## SOURCE MATERIAL
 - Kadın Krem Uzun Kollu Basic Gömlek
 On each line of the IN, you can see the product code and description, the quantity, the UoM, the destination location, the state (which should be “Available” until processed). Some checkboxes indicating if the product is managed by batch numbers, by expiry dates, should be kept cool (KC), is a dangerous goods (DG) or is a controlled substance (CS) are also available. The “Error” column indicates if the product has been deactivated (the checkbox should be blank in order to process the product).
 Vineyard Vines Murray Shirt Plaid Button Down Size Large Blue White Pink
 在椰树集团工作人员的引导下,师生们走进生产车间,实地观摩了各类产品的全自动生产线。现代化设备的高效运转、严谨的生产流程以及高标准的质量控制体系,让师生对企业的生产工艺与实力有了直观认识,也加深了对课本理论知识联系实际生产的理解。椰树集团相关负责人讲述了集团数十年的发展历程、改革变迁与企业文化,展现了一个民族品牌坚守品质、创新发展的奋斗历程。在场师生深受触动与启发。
--
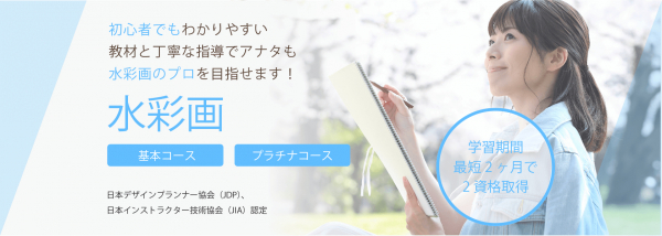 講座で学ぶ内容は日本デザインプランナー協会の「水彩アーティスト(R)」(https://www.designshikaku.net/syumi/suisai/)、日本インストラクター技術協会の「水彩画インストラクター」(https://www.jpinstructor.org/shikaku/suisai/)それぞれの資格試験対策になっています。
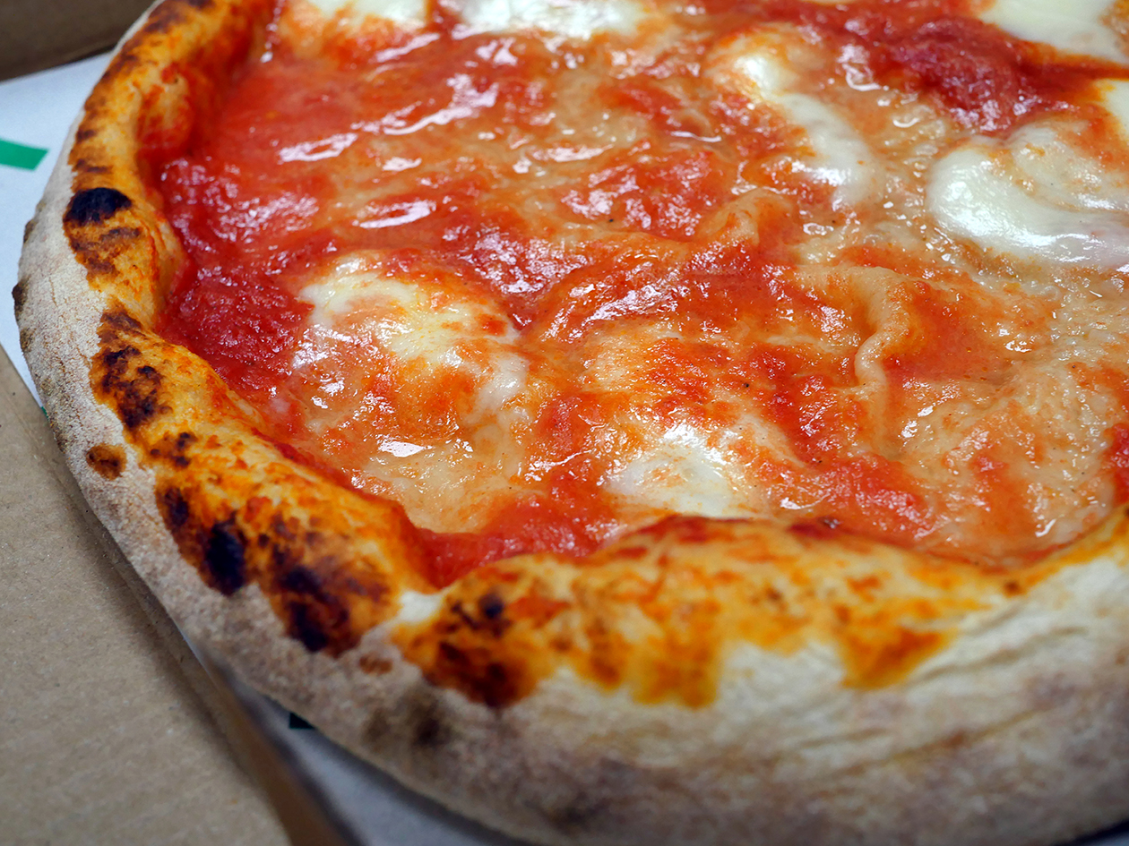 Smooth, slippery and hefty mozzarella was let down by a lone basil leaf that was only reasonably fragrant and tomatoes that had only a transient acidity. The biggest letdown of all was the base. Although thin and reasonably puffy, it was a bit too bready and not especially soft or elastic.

## INSTRUCTIONS TO FOLLOW
An exact, complete copy of the lines above from the one with "On each line" through the one with "在椰树集团工作人员的引导下,师生们走进生" is the whole answer.

## COMPLETED TASK
 On each line of the IN, you can see the product code and description, the quantity, the UoM, the destination location, the state (which should be “Available” until processed). Some checkboxes indicating if the product is managed by batch numbers, by expiry dates, should be kept cool (KC), is a dangerous goods (DG) or is a controlled substance (CS) are also available. The “Error” column indicates if the product has been deactivated (the checkbox should be blank in order to process the product).
 Vineyard Vines Murray Shirt Plaid Button Down Size Large Blue White Pink
 在椰树集团工作人员的引导下,师生们走进生产车间,实地观摩了各类产品的全自动生产线。现代化设备的高效运转、严谨的生产流程以及高标准的质量控制体系,让师生对企业的生产工艺与实力有了直观认识,也加深了对课本理论知识联系实际生产的理解。椰树集团相关负责人讲述了集团数十年的发展历程、改革变迁与企业文化,展现了一个民族品牌坚守品质、创新发展的奋斗历程。在场师生深受触动与启发。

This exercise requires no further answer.